Evaluation of neural connectivity between parvalbuminexpressing interneurons and medium spiny neurons in the lesioned striatum of dyskinetic mice.

TARAVINI IR; GOMEZ G; ESCANDE M; MURER MG; GERSHANIK OS

San Diego, California

Congreso; 19 th International Congress of Parkinson´s Disease and Movement Disorders; 2015

International Parkinson´s Disease and Movement Disorders Society

Objective: To establish whether the development of dyskinesias induced by L-DOPA modifies the connectivity of parvalbumin-expressing interneurons with medium spiny neurons in the lesioned striatum of transgenic mice expressing fluorescent proteins under the control of the D1 and D2 receptor promoter.Background:Dyskinesias are a debilitating side-effect of chronic L-DOPA administration, despite of which, the drug remains as the gold standard for symptomatic treatment of Parkinson´s disease (PD).

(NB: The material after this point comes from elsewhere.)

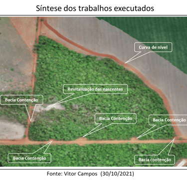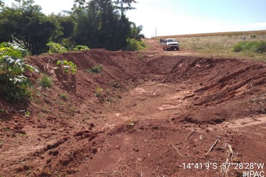 The aim is to identify and propose technical projects for road redevelopment, integrated with soil conservation and training of the local team of operators for their subsequent implementation. This project aims to revitalize the Queima-pé and Ararão river basins, working specifically on the springs. This work to divert the road was carried out at the 060 spring, which is a body of water that flows into the Queima-pé. Diverting the road near springs is a fundamental measure to protect the quality and quantity of water, which consequently helps us to preserve vegetation and biodiversity, minimize erosion and sedimentation, and ensure compliance with environmental regulations.
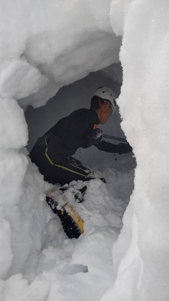 一丁のスコップで代りばんこに急斜面に横穴を掘って 1 時間で雪洞となる。ツェルトを吊るして水を作って飯を食べたが、雪洞のなかだというのにまだ明るい。年末に比べたら笑えるくらいの日の長さだ。東向きで夕焼けも見えないから、明るくとも構わず就寝。

Abnormal stimulation of dopaminergic receptors byL-DOPA correlates with long-term functional synaptic changes in striatal medium spiny neurons (MSNs) deprived of dopaminergic innervations which may contribute to the development of dyskinesias (LID). Parvalbumin striatal interneurons modulate and control differentially the activity of MSNs expressing either D1 or D2 receptors and therefore contributing to the imbalance between these pathways both in PD and LID. However, the state of the connectivity between these cell populations in the dyskinetic condition remains elusive.Methods: Transgenic mice expressing red (tomato) or green (EGFP) fluorescent markers in striatal neurons containing either the D1 or D2 receptor promoter were lesioned unilaterally with 6-OHDA in the mfb and treated with L-DOPA to induce severe dyskinesias. Parvalbumin was determined by inmunofluorescence on fixed striatal tissue sections using Cy5 as fluorochrome. The number of synaptic contacts of parvalbumin positive terminals on D1 or D2 MSNs was quantified on confocal microphotograph using the ImageJ software (NIH).Results: Lesioned mice developed severe dyskinesias after L-DOPA administration. Preliminary results show that the number of perisomaticparvalbumin synapses on D1 and D2 MSNs remains unaltered after 6-OHDA lesion. Conversely, a dyskinetogenic dose of L-DOPA reduces the number of parvalbumin contacts onto D2 but not D1 MSNs.Conclusions: These results suggest that L-DOPA affects the synaptic connectivity of parvalbumin interneurons with both types of MSNs differentially. These are clear evidences that L-DOPA treatment induces alterations at structural and functional levels that lead to a new pathophysiologic condition in the basal ganglia circuits. Further analysis will help to clarify if these structural adaptations are directly related to the development of dyskinesias.